Quantum computing is an emergent field at the intersection of physics and computer science. It leverages the principles of quantum mechanics to solve problems that are beyond the reach of even the most advanced classical computers. While classical computers use bits, quantum computers use qubits. Like classical bits, qubits can take the value 0 or 1. But quantum computers can also handle the superposition of 0 and 1. For example, in a two-qubit vector, there are four components of the superposition, and computations can be made simultaneously on all these states. The number of components grows exponentially with the number of qubits, which means 2^n components for n qubits. This remarkable simultaneous computation is one of the quantum computer’s strengths. However, this advantage comes with a fundamental complexity: when observing the state, it collapses into one specific, random binary combination. While random, the probability of achieving different states can be affected through calculations in quantum algorithms, using quantum gates.Despite its potential, quantum computing and executing quantum algorithms face significant technical barriers. One of them is the issue of coherence time, which is the time that a qubit can maintain its quantum state before it is lost. Another challenge is error rates, as quantum computers tend to be highly error-prone. A solution for this is error correction, which requires several physical qubits to create one logical qubit. This, on the other hand, introduces the challenge of performing quantum operations on quantum logical qubits, as opposed to on physical qubits.

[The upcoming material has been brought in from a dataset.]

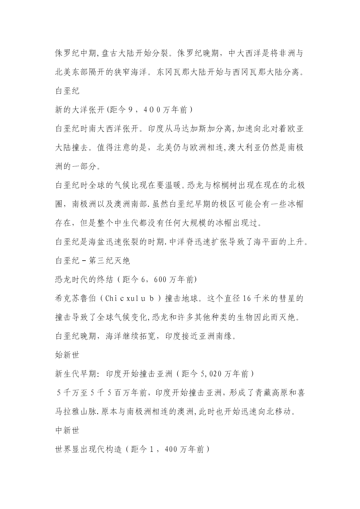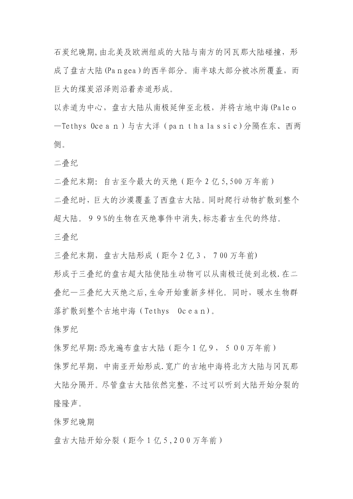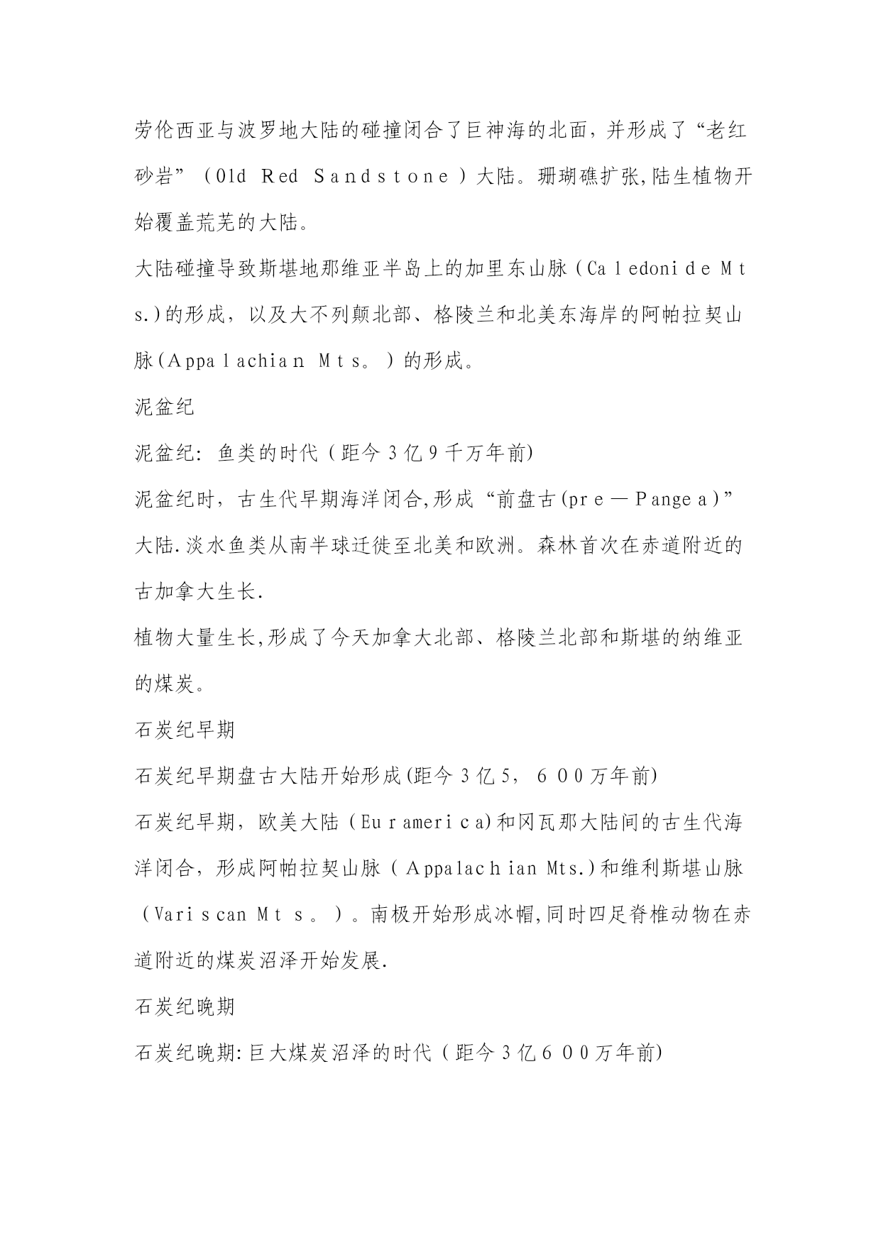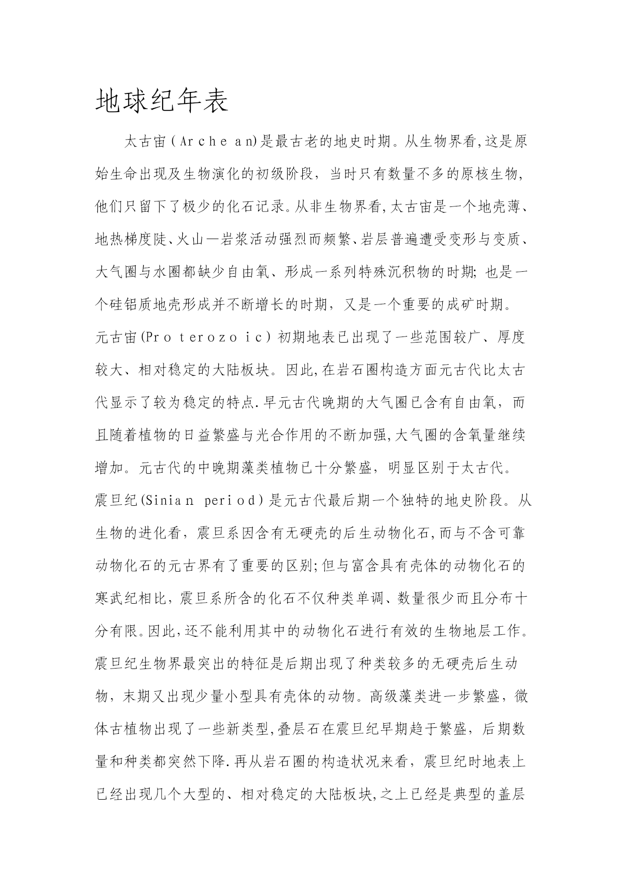 地球纪年表(完整资料)(可以直接使用,可编辑优秀版资料,欢迎下载)地球纪年表太古宙(Archean)是最古老的地史时期。从生物界看,这是原始生命出现及生物演化的初级阶段,当时只有数量不多的原核生物,他们只留下了极少的化石记录。从非生物界看,太古宙是一个地壳薄、地热梯度陡、火山—岩浆活动强烈而频繁、岩层普遍遭受变形与变质、大气圈与水圈都缺少自由氧、形成一系列特殊沉积物的时期;也是一个硅铝质地壳形成并不断增长的时期,又是一个重要的成矿时期。元古宙(Proterozoic)初期地表已出现了一些范围较广、厚度较大、相对稳定的大陆板块。因此,在岩石圈构造方面元古代比太古代显示了较为稳定的特点.早元古代晚期的大气圈已含有自由氧,而且随着植物的日益繁盛与光合作用的不断加强,大气圈的含氧量继续增加。元古代的中晚期藻类植物已十分繁盛,明显区别于太古代。震旦纪(Sinianperiod)是元古代最后期一个独特的地史阶段。从生物的进化看,震旦系因含有无硬壳的后生动物化石,而与不含可靠动物化石的元古界有了重要的区别;但与富含具有壳体的动物化石的寒武纪相比,震旦系所含的化石不仅种类单调、数量很少而且分布十分有限。因此,还不能利用其中的动物化石进行有效的生物地层工作。震旦纪生物界最突出的特征是后期出现了种类较多的无硬壳后生动物,末期又出现少量小型具有壳体的动物。高级藻类进一步繁盛,微体古植物出现了一些新类型,叠层石在震旦纪早期趋于繁盛,后期数量和种类都突然下降.再从岩石圈的构造状况来看,震旦纪时地表上已经出现几个大型的、相对稳定的大陆板块,之上已经是典型的盖层沉积,与古生界相似。因此,震旦纪可以被认为是元古代与古生代之间的一个过渡阶段。1前寒武纪2寒武纪3奥陶纪4志留纪5泥盆纪6石炭纪早期7石炭纪晚期8二叠纪9三叠纪10侏罗纪11侏罗纪晚期12白垩纪13白垩纪-第三纪灭绝14始新世15中新世16冰川时代晚期17现代世界18未来世界191。5亿年后202。5亿年后前寒武纪前寒武纪晚期超大陆和“冰室”世界(距今6亿5千万年前)形成于11亿年前的罗迪尼亚超大陆这时开始分裂。前寒武纪晚期的世界与现在的气候十分相近,是一个“冰室”世界。罗迪尼亚大约在7.5亿年前分裂成两半,形成了古大洋寒武纪:古生代的开始(距今5亿1,400万年前)具有硬壳的生物在寒武纪第一次大量出现。诸大陆为浅海所泛滥。超大陆冈瓦那开始在南极附近形成。巨神海(IapetusOcean)在劳伦西亚(Laurentia,北美)、波罗地(Baltica,北欧)和西伯利亚(Siberia)这几个古大陆之间扩张。奥陶纪古海洋隔开诸大陆(距今4亿5,800万年前)奥陶纪时,古海洋分隔开劳伦西亚、波罗地、西伯利亚和冈瓦那大陆。奥陶纪末期是地球历史上最寒冷的时期之一。冈瓦那大陆的南方完全为冰所覆盖。巨神海(IapetusOcean)隔开了波罗地和西伯利亚大陆,古地中海(Paleo-TeyhysOcean)分隔开冈瓦那大陆、波罗地和西伯利亚大陆,古大洋(PanthalassicOcean)则覆盖了北半球的大部分.志留纪古生代海洋闭合,诸大陆开始碰撞(距今4亿2,500万年前)劳伦西亚与波罗地大陆的碰撞闭合了巨神海的北面,并形成了“老红砂岩”(OldRedSandstone)大陆。珊瑚礁扩张,陆生植物开始覆盖荒芜的大陆。大陆碰撞导致斯堪地那维亚半岛上的加里东山脉(CaledonideMts.)的形成,以及大不列颠北部、格陵兰和北美东海岸的阿帕拉契山脉(AppalachianMts。)的形成。泥盆纪泥盆纪:鱼类的时代(距今3亿9千万年前)泥盆纪时,古生代早期海洋闭合,形成“前盘古(pre—Pangea)”大陆.淡水鱼类从南半球迁徙至北美和欧洲。森林首次在赤道附近的古加拿大生长.植物大量生长,形成了今天加拿大北部、格陵兰北部和斯堪的纳维亚的煤炭。石炭纪早期石炭纪早期盘古大陆开始形成(距今3亿5,600万年前)石炭纪早期,欧美大陆(Euramerica)和冈瓦那大陆间的古生代海洋闭合,形成阿帕拉契山脉(AppalachianMts.)和维利斯堪山脉(VariscanMts。)。南极开始形成冰帽,同时四足脊椎动物在赤道附近的煤炭沼泽开始发展.石炭纪晚期石炭纪晚期:巨大煤炭沼泽的时代(距今3亿600万年前)石炭纪晚期,由北美及欧洲组成的大陆与南方的冈瓦那大陆碰撞,形成了盘古大陆(Pangea)的西半部分。南半球大部分被冰所覆盖,而巨大的煤炭沼泽则沿着赤道形成。以赤道为中心,盘古大陆从南极延伸至北极,并将古地中海(Paleo—TethysOcean)与古大洋(panthalassic)分隔在东、西两侧。二叠纪二叠纪末期:自

A significant milestone in addressing these challenges was recently achieved with Google’s introduction of the Willow quantum chip. The chip successfully demonstrated the theory of quantum error correction in practice, by using several physical qubits for one logical qubit. This breakthrough moves us one step closer to achieving an efficient quantum computer for real-world applications.
Quantum Computing & Cybersecurity: Why Are Future Efficient Quantum Computers a Problem Now?
One of the most discussed implications of quantum computing is the potential to break modern public key cryptography, which is already posing a significant cybersecurity threat. Simply put, cryptography is a fundamental pillar of cybersecurity, and quantum computing is set to reshape the very foundations of cryptography.The quantum threat to cryptography stems from two known quantum algorithms, Grove’s algorithm and Shor’s algorithm:
Grover’s algorithm implies a quadratic speed-up for unstructured searches. Simplifying, it means that the security level for symmetric, secret key cryptography, such as the Advanced Encryption Standard (AES), is reduced to half the key length. For most cases of symmetric cryptography, a sufficient security against the quantum threat can simply be obtained by doubling the key length, for example by using the already standardized and widely used version of AES with key length 256 bits.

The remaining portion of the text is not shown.